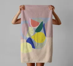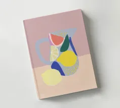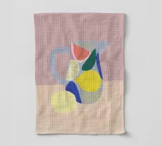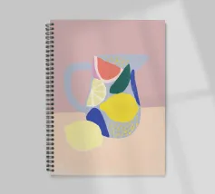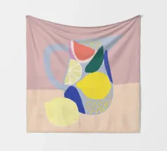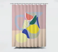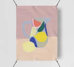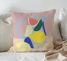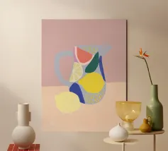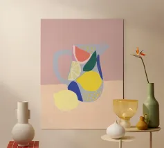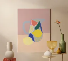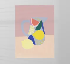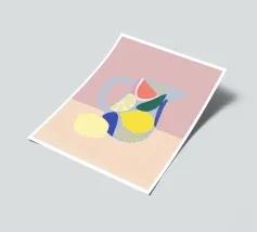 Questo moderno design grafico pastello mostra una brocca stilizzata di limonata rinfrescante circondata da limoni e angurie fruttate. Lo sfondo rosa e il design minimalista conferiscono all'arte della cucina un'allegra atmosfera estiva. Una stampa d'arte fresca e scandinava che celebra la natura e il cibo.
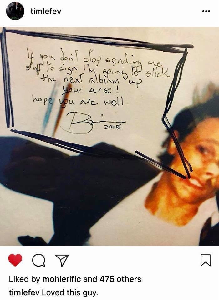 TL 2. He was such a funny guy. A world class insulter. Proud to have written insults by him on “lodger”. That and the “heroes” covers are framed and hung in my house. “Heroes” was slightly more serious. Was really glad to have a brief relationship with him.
===
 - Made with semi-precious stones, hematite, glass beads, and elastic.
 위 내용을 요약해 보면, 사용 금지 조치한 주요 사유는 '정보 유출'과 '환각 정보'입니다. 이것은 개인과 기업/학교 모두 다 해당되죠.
===
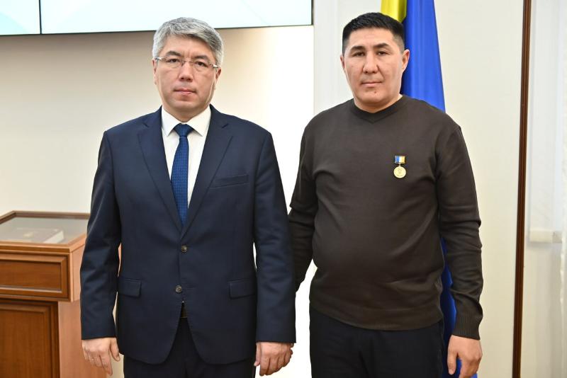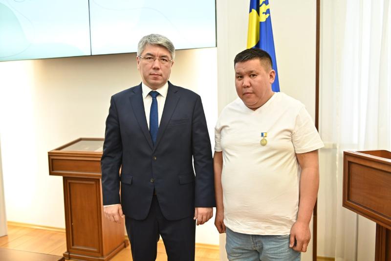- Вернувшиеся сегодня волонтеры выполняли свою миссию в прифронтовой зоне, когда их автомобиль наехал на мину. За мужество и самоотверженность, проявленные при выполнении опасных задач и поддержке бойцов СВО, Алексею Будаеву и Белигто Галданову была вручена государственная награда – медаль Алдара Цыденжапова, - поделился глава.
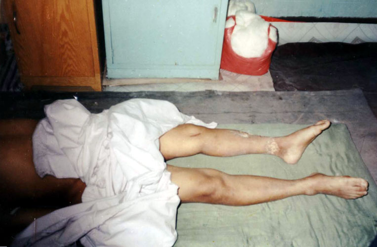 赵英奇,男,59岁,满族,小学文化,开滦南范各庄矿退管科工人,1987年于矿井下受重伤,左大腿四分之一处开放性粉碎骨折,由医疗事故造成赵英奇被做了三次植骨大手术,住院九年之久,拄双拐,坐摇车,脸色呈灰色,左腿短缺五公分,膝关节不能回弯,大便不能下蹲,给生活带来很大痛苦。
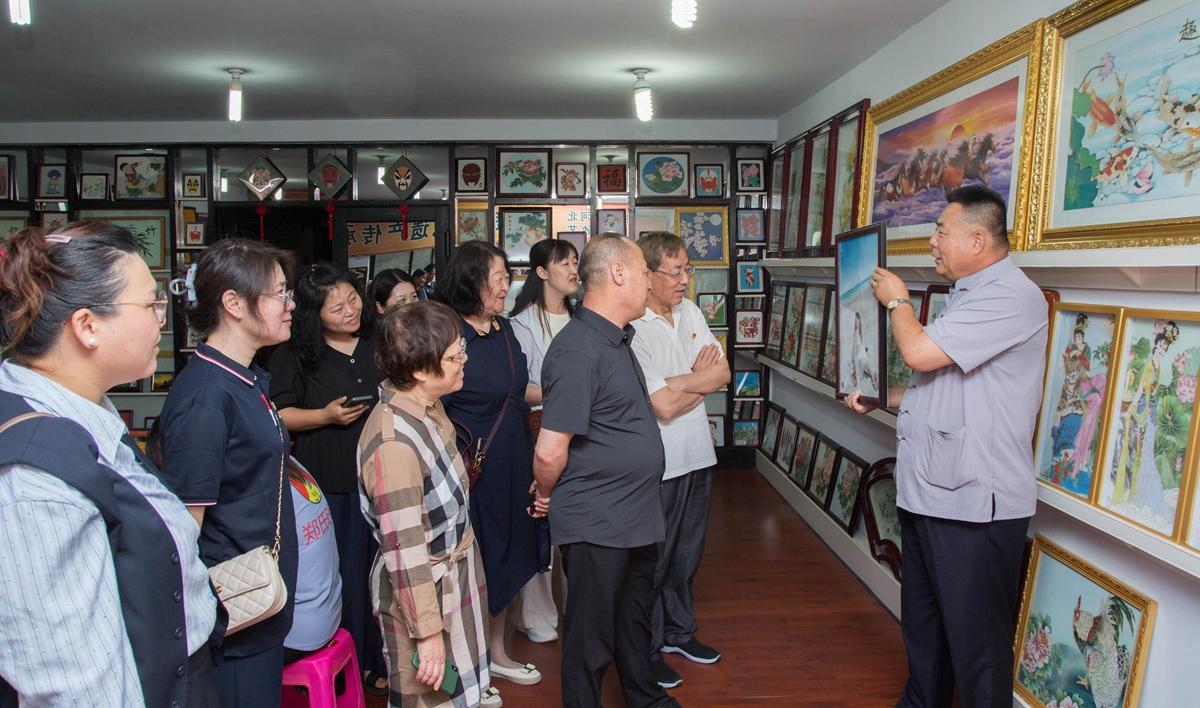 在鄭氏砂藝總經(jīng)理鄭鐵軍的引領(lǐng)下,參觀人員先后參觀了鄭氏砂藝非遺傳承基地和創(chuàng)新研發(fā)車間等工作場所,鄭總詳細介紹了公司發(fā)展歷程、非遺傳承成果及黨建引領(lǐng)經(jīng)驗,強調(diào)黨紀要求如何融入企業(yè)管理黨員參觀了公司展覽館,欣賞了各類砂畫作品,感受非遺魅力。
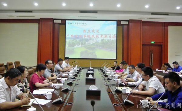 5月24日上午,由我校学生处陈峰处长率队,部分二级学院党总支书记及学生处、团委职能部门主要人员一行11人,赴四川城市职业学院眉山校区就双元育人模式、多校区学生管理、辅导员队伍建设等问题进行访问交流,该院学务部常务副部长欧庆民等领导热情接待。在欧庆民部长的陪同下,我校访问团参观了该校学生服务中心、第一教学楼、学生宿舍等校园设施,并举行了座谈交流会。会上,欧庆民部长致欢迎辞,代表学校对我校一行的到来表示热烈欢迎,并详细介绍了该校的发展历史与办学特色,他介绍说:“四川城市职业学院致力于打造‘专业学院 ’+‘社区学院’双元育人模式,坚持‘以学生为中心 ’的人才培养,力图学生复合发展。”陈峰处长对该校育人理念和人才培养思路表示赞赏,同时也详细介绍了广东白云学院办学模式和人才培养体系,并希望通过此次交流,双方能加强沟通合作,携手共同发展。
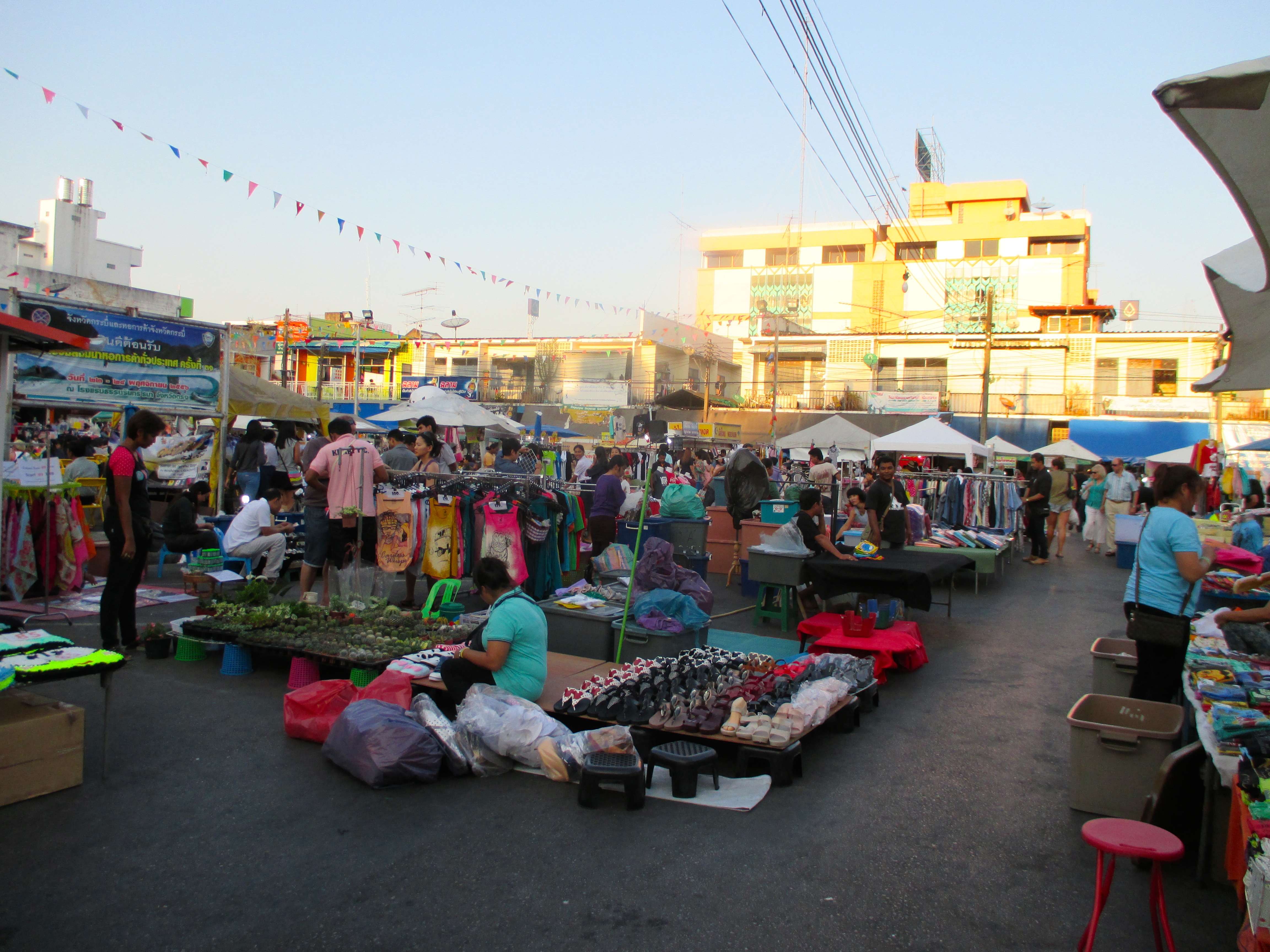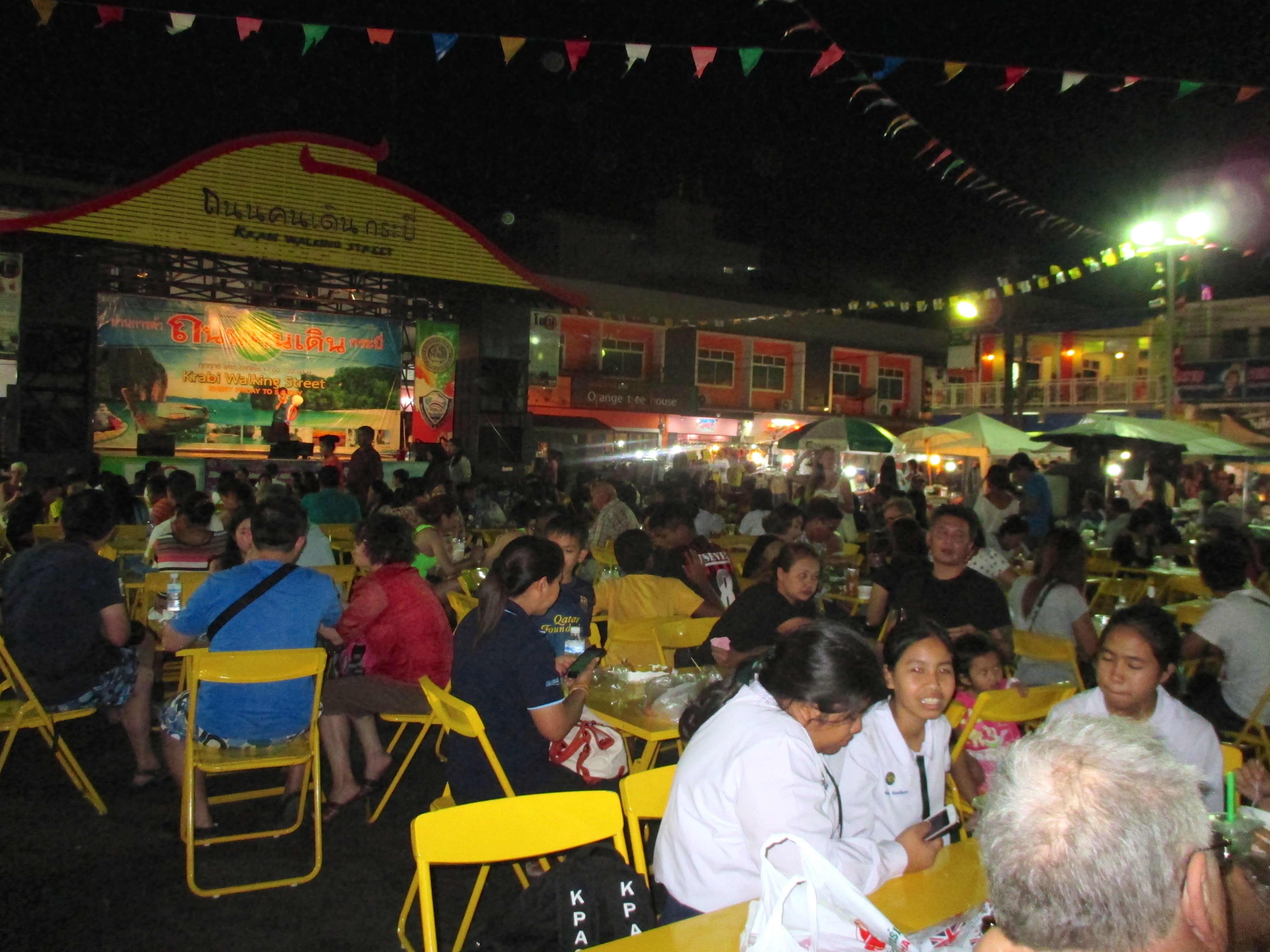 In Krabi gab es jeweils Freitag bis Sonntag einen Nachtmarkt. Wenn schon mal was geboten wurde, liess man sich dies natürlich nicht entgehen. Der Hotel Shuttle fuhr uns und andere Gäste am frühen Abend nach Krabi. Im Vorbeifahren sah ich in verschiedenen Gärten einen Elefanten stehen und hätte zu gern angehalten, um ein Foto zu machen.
===
* **WORK INSTRUCTION**: From the material above, output only the span of lines that starts at the one containing "Questo moderno design" and finishes at the one containing "TL 2. He was", word for word and free of pictures.

* **ANSWER TO THE PROBLEM**:
 Questo moderno design grafico pastello mostra una brocca stilizzata di limonata rinfrescante circondata da limoni e angurie fruttate. Lo sfondo rosa e il design minimalista conferiscono all'arte della cucina un'allegra atmosfera estiva. Una stampa d'arte fresca e scandinava che celebra la natura e il cibo.
 TL 2. He was such a funny guy. A world class insulter. Proud to have written insults by him on “lodger”. That and the “heroes” covers are framed and hung in my house. “Heroes” was slightly more serious. Was really glad to have a brief relationship with him.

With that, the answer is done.